Aquel llamamiento a la solidaridad, la determinación y la defensa del Estado del bienestar cobra hoy un tono de escándalo cuando, según la investigación, por entonces ya comenzaba a gestarse la presunta trama de cobro de mordidas en torno a la compra de mascarillas desde el Ministerio de Transportes, que dirigía Ábalos. La contradicción salta a la vista: palabras de defensa ética y un contexto investigado por la Guardia Civil.

Los hechos que constan en el sumario no son invenciones retóricas. La UCO ha insistido en el papel central de Ábalos en una "organización criminal" cuyo alcance estaría vinculado a su influencia en el Gobierno y en el partido. El Ministerio adjudicó contratos a la empresa Soluciones de Gestión, a través del empresario Víctor de Aldama y con la intermediación de Koldo García, por valor de más de 15 millones de euros, y la investigación apunta a que solo el 13% de esos fondos se destinó efectivamente a material sanitario.
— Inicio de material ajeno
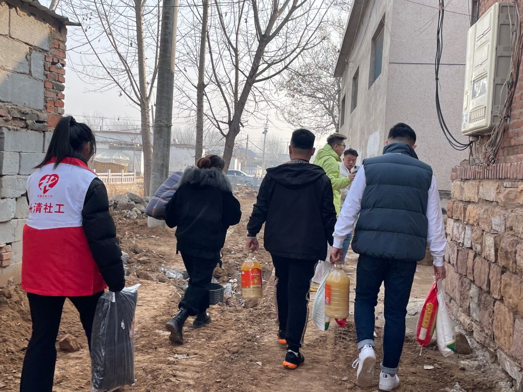 为提高困难群众的生活幸福指数,切实做好困难群众的兜底工作,近日,马山镇社工站链接灵岩扎啤、包包汁等慈善资源,联合马山镇民政所,前往东褚科村,为困难群体送去冬日的关怀,将花生油、大米、面粉、羽绒服、棉被与温暖问候送到困难群众的家中。
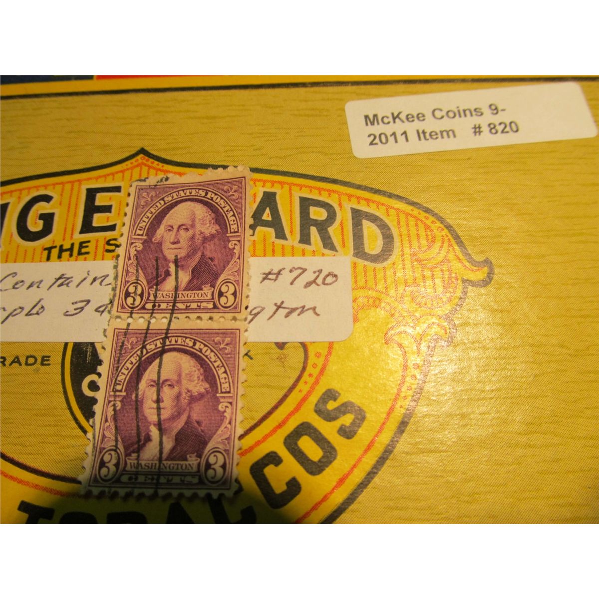 820. Cigar Box 100's #720 3c Washington Stamps. Used.
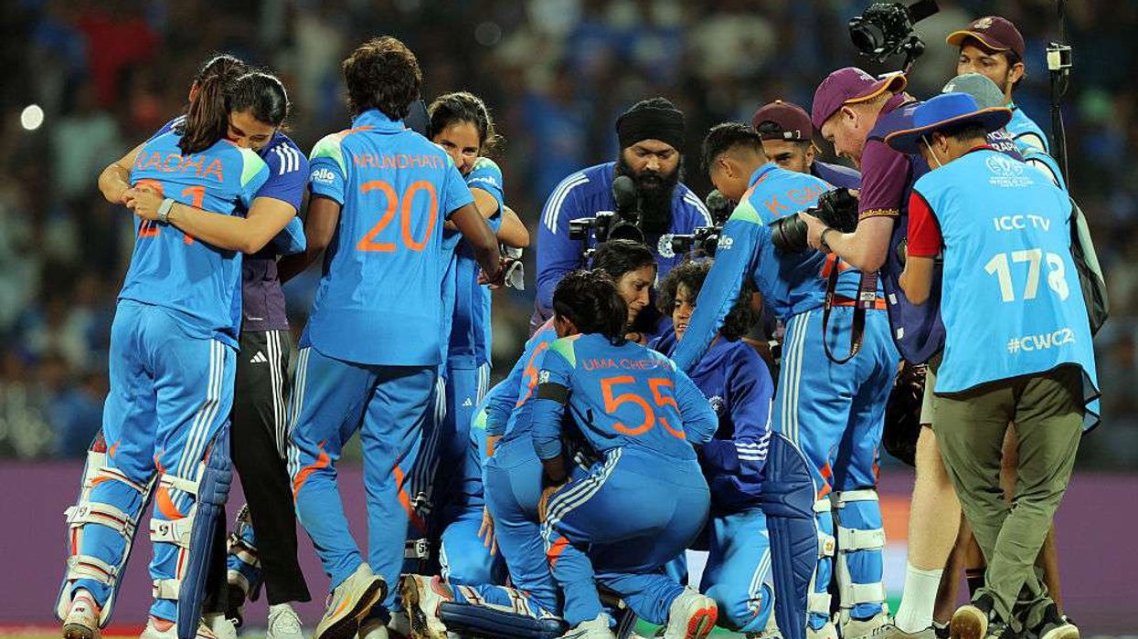 Jemimah Rodrigues and Amanjot Kaur of India celebrate with team mates following victory in the ICC Women's Cricket World Cup India 2025 Semi-Final match against Australia at DY Patil Stadium on October 30, 2025 in Navi Mumbai, India. (Photo by Pankaj Nangia/Getty Images)
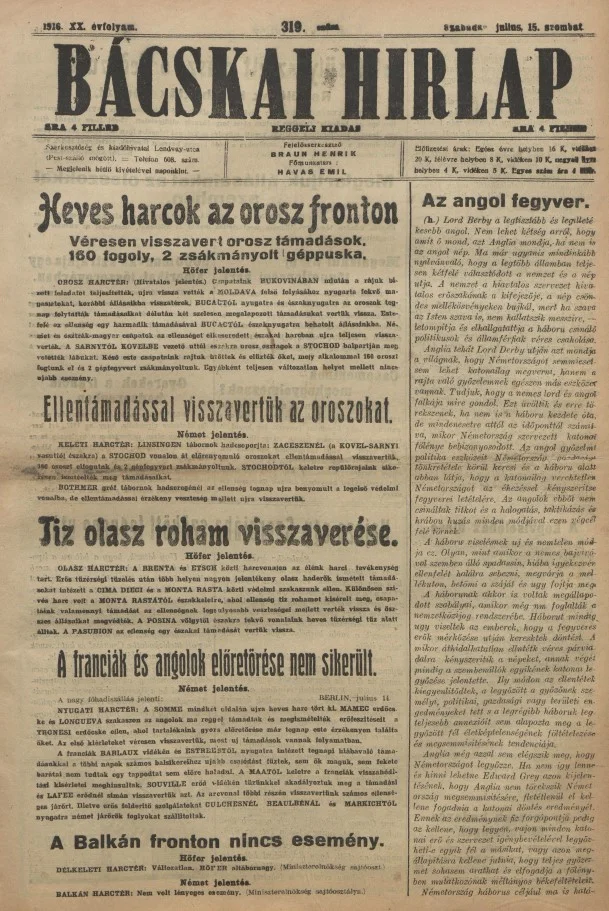 Bácskai Hirlap, 20. évf. 1916. július 15. 319. sz.
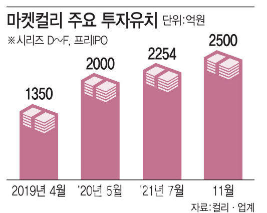 마켓컬리의 주요 투자유치 금액을 살펴보도록 할까요? 2019년 4월 1350억 투자 유치에 이어 2020년에도 2000억 2021년 7월에 2254억 그리고 같은 해 11월에 2500억을 추가 유치했습니다.

Hoy Ábalos se sienta ante el Tribunal Supremo, afrontando imputaciones graves: organización criminal, cohecho, tráfico de influencias, malversación de caudales públicos y uso de información privilegiada, y la fiscalía reclama para él más de 24 años de prisión, según el procedimiento en curso. La carta de 2020, que proclamaba que "el PSOE estará a la altura de las circunstancias" y que ni la animosidad de los adversarios podía poner en peligro lo logrado, se lee ahora con la aspereza de una promesa incumplida.

Además, la investigación no se limita a las adjudicaciones de material sanitario: la presunta trama habría tenido ramificaciones en adjudicaciones de obra pública en las que aparecen implicados otros nombres, entre ellos el ex secretario de Organización Santos Cerdán. La radiografía que dibuja la causa es la de una estructura que, según los agentes, aprovechó influencias para canalizar contratos millonarios.

No se trata de literatura política ni de retórica militante: son diligencias y diligencias que sitúan a un ex alto cargo y a colaboradores próximos en el centro de una investigación que sacude al propio partido que Ábalos enarbolaba en su misiva. La coherencia entre palabra y acto es una exigencia cívica elemental; cuando falta, la política se degrada y la confianza pública se resiente.

Queda por ver, en la sala del Supremo, si las palabras pronunciadas y las decisiones ejecutadas convergen o se contradicen irreparablemente. Mientras tanto, los ciudadanos observan: la apelación a los valores no puede ser un envoltorio que oculte decisiones que ahora están siendo investigadas por la Justicia.